Régulièrement, les consommateurs ont recours aux ressources en ligne pour vérifier la crédibilité des professionnels et des autres personnes qui sollicitent leur confiance. Cette commodité pourrait tirer à sa fin. Dans un projet de politique rendu public la semaine dernière, le Commissariat à la protection de la vie privée du Canada (CPVPC) préconise d’obliger les moteurs de recherche à supprimer les liens menant à des documents, peu importe que ces liens conduisent à des documents qui sont parfaitement conformes aux lois. Les personnes qui souhaitent cacher des informations pourraient forcer les moteurs de recherche à effacer les hyperliens qui y conduisent sans avoir à démontrer leur caractère illégal.
Actuellement, il est bien établi au Canada que les tribunaux peuvent, après avoir constaté qu’un document se trouvant sur Internet contrevient aux lois, ordonner sa suppression. Les juges ordonnent aussi la suppression des liens hypertextes menant à des documents contraires aux lois. Il y a donc un équilibre entre le droit de rechercher librement des informations et le droit de protéger la vie privée et la réputation. Dès lors qu’il est démontré qu’un document viole la réputation d’une personne ou sa vie privée, un juge peut ordonner sa suppression de même que l’effacement des hyperliens qui y conduisent. Le CPVPC propose de rompre cet équilibre.
Équilibre rompu
Le CPVPC s’appuie sur une interprétation extrême de la législation sur la protection des renseignements personnels. Une interprétation qui a pourtant été écartée par la Cour suprême. Selon le raisonnement du CPVPC, lorsqu’un internaute introduit le mot « rose » et le mot « petit » dans une requête sur un moteur de recherche, cela ferait en sorte que le moteur de recherche recueille, utilise et communique des renseignements personnels au sens de la Loi sur la protection des renseignements personnels s’il s’avère que les mots correspondent au nom d’une personne !

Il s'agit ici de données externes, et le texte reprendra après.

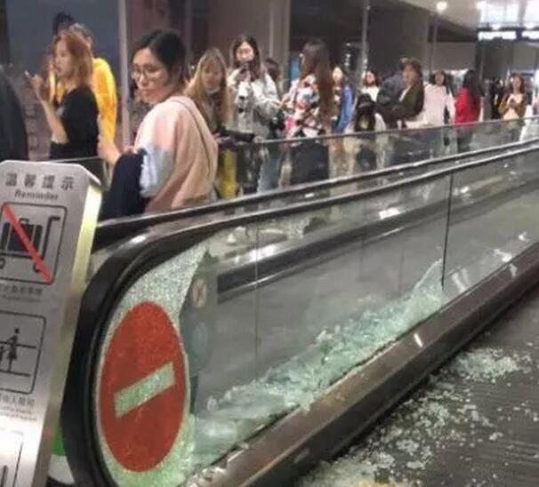 上海虹桥机场大量明星粉丝前来接机,结果把玻璃挤爆了现场的目击者称,整个航站楼里都是年轻男女,有的拿着粉丝牌,有的拿手机拼命拍,一看就知道是粉丝,一楼和二楼站满了人!狂热的粉丝甚至将航站楼内的自动步道玻璃都挤爆了。

L’approche du CPVPC fait abstraction du fait que les informations qui sont licitement en ligne font partie de l’espace public. Par exemple, les médias en ligne présentent des informations sur les faits et gestes publics d’un très grand nombre de personnes. On veut donner à ceux qui ne veulent pas que ces informations publiques circulent sur Internet le droit de forcer un moteur de recherche à effacer les liens qui y conduisent. Et cela sans qu’un juge évalue la légalité des documents concernés.
Il s’agit en substance d’importer au Canada la vision extrême émanant d’une décision rendue en 2014 par la Cour de justice de l’Union européenne. Cette décision décrétait qu’un individu vivant en Europe peut exiger que les moteurs de recherche suppriment des listes de résultats les liens qui conduisent à des documents licitement en ligne qui comportent son nom et qu’il veut rendre invisibles.

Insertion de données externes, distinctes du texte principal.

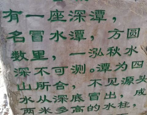 冒水潭是安顺天星桥景区里面的一个景点,临近银链坠潭瀑布。 冒水潭处有一石碑把冒水潭描给得很真实:“谷底有一座深潭,名冒水潭,方园数里,一泓秋水,深不可测。潭为四山所含,不见源头,水从深底冒出,成两米多高的水柱,又静静淯落潭面,如夜空中的礼花。”,看了这个描述,你是否心里痒痒的,想一睹为快呀? 图片中看不出水柱,更看不出两米多高,因为距离有点远,想知道冒水潭究竟如何?亲自走一趟不就行了!

Effacer l’histoire gênante ?
Au nombre des informations menacées par ce veto accordé à ceux qui veulent faire oublier leurs faits publics, il y a les archives des médias et les autres informations ayant un caractère historique. Les clientèles naturelles de tels recours en effacement d’hyperliens sont les personnes condamnées ou les professionnels ayant fait l’objet de sanctions disciplinaires qui peuvent trouver opportun d’occulter un passé gênant.
Avec le mécanisme mis en avant par le CPVPC, nul besoin de faire constater l’illégalité d’un document pour réclamer qu’il soit camouflé. Le document demeure en ligne, mais il est effacé des résultats de recherche destinés aux simples citoyens. Mais ceux qui font profession de fouiller le passé des gens à des fins lucratives peuvent continuer à utiliser d’autres moyens pour chercher des informations sur de futurs employés, débiteurs ou ex-conjoints ! On ne fait que rendre les documents licites plus difficiles à trouver. Plutôt broche à foin comme mode de protection de la vie privée !
Le CPVPC tient pour acquis que les informations qui circulent sur le Web sont toutes sujettes à un « consentement » révocable des personnes. Or, les informations qui se trouvent licitement dans l’espace public ne le sont pas en raison d’un « consentement » des personnes. Un condamné pour une agression sexuelle n’a pas à consentir à ce que les informations sur ses délits soient disponibles au public. Le public a intérêt à connaître ce type d’information. S’il se souciait du droit du public à l’information, le CPVPC postulerait plutôt que les informations licitement en ligne sont des renseignements publics et non des renseignements intimes, comme le sont les informations se trouvant dans les dossiers de crédit ou les dossiers médicaux.